• **REQUIRED WORK**
No pictures should appear. The lines from the beginning of the listing through the one holding "李晓东在电脑上用相关软件设计绘制墓碑上的图案。" must be reproduced exactly, and nothing more.

[DATA SHOWN — start]

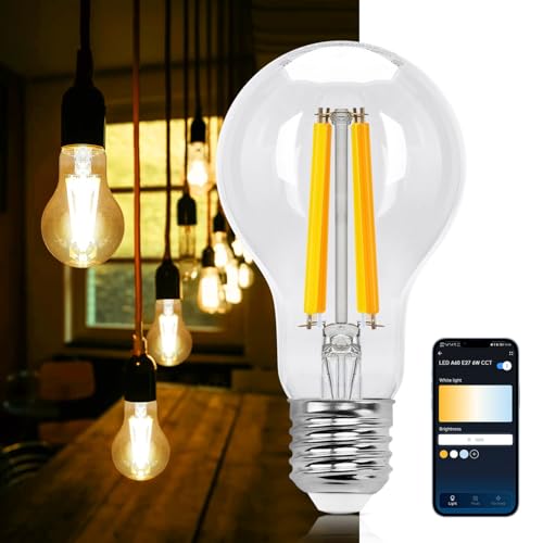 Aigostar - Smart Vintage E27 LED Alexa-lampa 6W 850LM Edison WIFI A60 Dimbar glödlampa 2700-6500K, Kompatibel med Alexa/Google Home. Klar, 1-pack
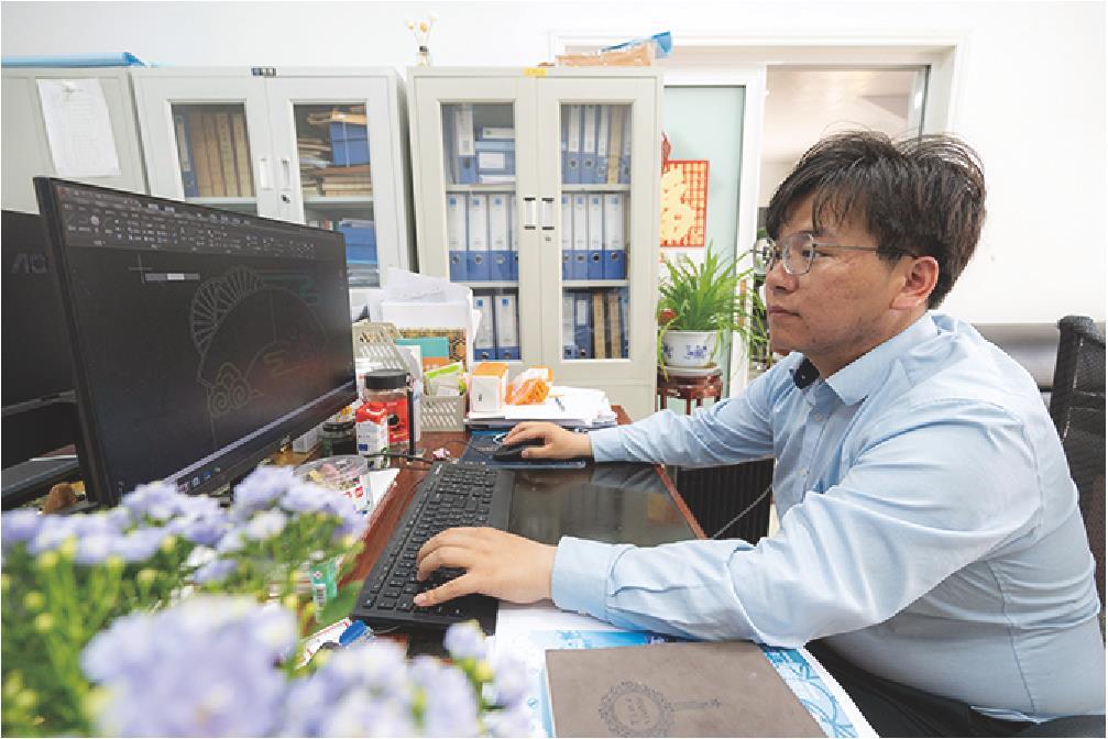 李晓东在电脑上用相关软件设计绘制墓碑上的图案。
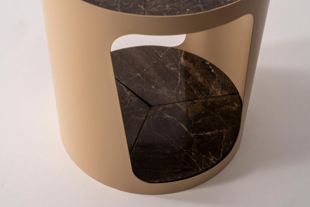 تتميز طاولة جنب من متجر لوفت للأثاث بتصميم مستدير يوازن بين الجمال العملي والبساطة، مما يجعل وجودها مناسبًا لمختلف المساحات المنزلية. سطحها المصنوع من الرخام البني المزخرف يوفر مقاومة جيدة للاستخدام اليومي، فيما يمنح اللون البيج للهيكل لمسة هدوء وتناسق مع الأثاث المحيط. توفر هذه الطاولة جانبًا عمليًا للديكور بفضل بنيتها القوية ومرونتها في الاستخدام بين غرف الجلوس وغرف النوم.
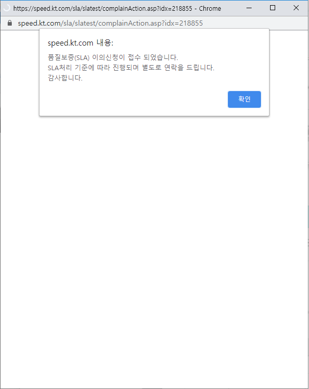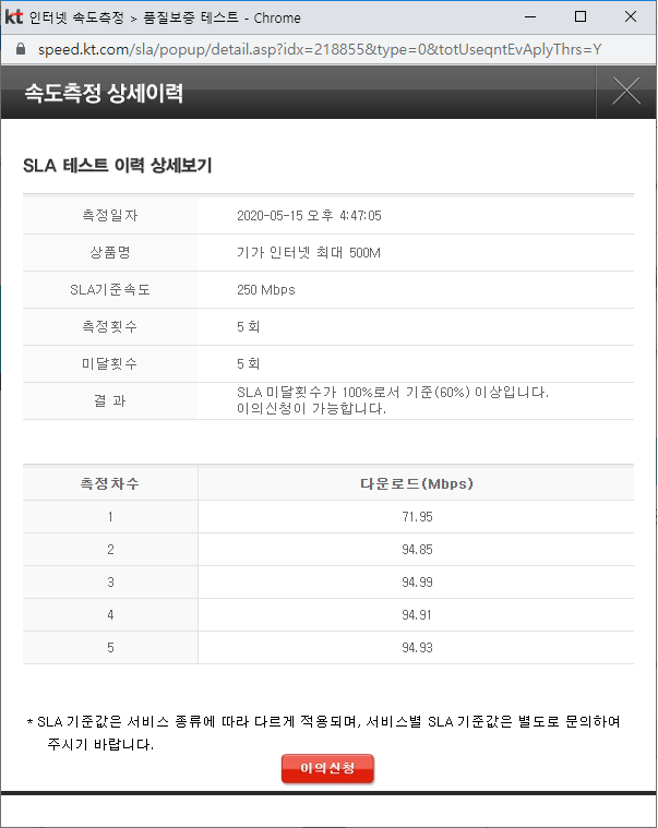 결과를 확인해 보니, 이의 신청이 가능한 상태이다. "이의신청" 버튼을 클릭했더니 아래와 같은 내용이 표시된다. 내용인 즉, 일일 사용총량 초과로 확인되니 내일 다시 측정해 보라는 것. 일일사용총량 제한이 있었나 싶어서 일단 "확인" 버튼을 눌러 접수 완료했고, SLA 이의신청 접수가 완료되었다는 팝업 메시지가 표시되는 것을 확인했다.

[DATA SHOWN — finish]

• **FINAL ANSWER**
 Aigostar - Smart Vintage E27 LED Alexa-lampa 6W 850LM Edison WIFI A60 Dimbar glödlampa 2700-6500K, Kompatibel med Alexa/Google Home. Klar, 1-pack
 李晓东在电脑上用相关软件设计绘制墓碑上的图案。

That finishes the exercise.